Information on Early Marsh-orchid var pulchella

Common Name: Early Marsh-orchid var pulchella
Scientific Name: Dactylorhiza incarnata var. pulchella
Irish Name: Magairlín álainn
Family Group: Orchidaceae
Distribution: View Map (Courtesy of the BSBI)
Flowering Period


Click for list of all flowering by month
Early Marsh-orchid var pulchella could sometimes be confused with:

Marsh-orchid, Narrow-leaved, Marsh-orchid, Early - ssp coccinea,

Another of our superb Early Marsh-orchids, this variety - ‘pulchella’ -  is incredibly beautiful. It stands to about 30cm tall, at most, bearing a dense spike of light purple flowers, each 8-12mm long. The labellum is narrow and reflexed, shallowly-lobed. There are two outer, lateral sepals which are erect and spreading and three upper tepals which form an incurved hood. Throughout is an amazing pattern of dots and loops. The spur is downward-pointing, slightly curved and stout. The spike of flowers becomes longer as it ages, is cylindrical and on a narrow stem. The leaves are unspotted, linear-lanceolate and hooded slightly at the apex. Its habitat is lakeshores, bogs, marshes and fens. It blooms from May to July, is a native perennial and is scattered throughout, more frequent in Counties Galway and Clare. It belongs to the Orchidaceae or Orchid family.  

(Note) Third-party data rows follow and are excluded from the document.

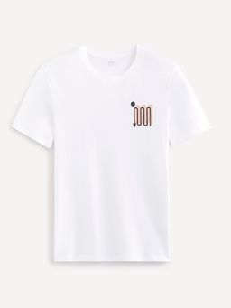 Bavlněné tričko s krátkým rukávem a potiskem. Kulatý výstřih ke krku.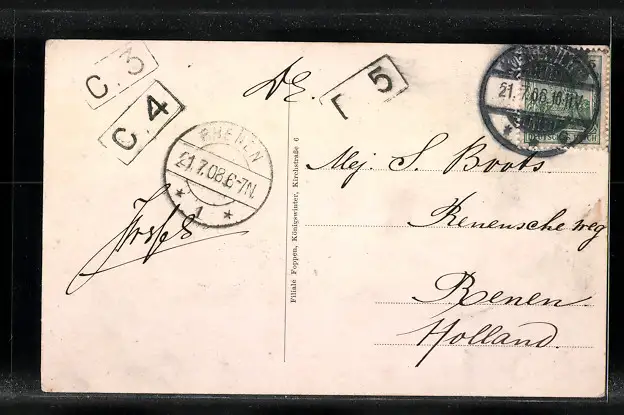 alte Ansichtskarte, gelaufen 1908, Stempelspur, guter Zustand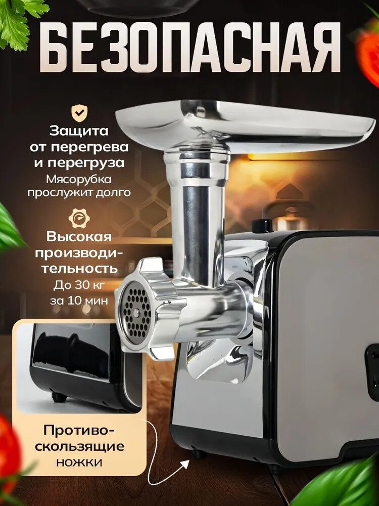 | Насадки | диск для фарша / насадка для кеббе / насадка для приготовления колбас |

This is a subspecies for which Ireland holds or possibly holds more than 25% of the European population (Ireland Red List No. 10 Vascular Plants)

I first saw and photographed this magnificent species in Co Sligo in 2013 when on a field trip with Ulli Peiller and Howard and Peg Frost, members of the Orchid Society of Ireland. I am so grateful to them for their immense help and knowledge, so generously shared. 

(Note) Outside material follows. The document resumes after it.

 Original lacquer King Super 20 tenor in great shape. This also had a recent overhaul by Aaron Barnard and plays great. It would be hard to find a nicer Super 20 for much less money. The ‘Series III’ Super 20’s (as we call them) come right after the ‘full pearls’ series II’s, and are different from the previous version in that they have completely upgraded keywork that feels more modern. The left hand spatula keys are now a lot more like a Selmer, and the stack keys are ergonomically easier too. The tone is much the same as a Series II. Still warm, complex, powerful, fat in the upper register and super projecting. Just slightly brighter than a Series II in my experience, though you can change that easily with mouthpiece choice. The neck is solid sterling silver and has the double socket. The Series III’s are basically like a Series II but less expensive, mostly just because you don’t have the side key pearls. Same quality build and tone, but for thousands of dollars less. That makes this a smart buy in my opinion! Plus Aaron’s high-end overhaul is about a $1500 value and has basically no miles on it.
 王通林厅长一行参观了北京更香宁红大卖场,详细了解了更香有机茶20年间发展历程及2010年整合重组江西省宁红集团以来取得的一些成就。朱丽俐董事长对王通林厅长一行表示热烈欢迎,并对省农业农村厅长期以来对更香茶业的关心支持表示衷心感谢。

If you are satisfied you have correctly identified this plant, please submit your sighting to the National Biodiversity Data Centre

Marsh-orchid, Early - var pulchella
Marsh-orchid, Early - var pulchella

These wonderful Marsh-orchids are so worth seeking out, if at all possible. They are all very variable in size and there are also hybrids – just to make it difficult. When I read of the use of DNA to identify species, I wonder what hope has an amateur only armed with a hand lens. However, even if you cannot positively identify them, they are still amazing to look at.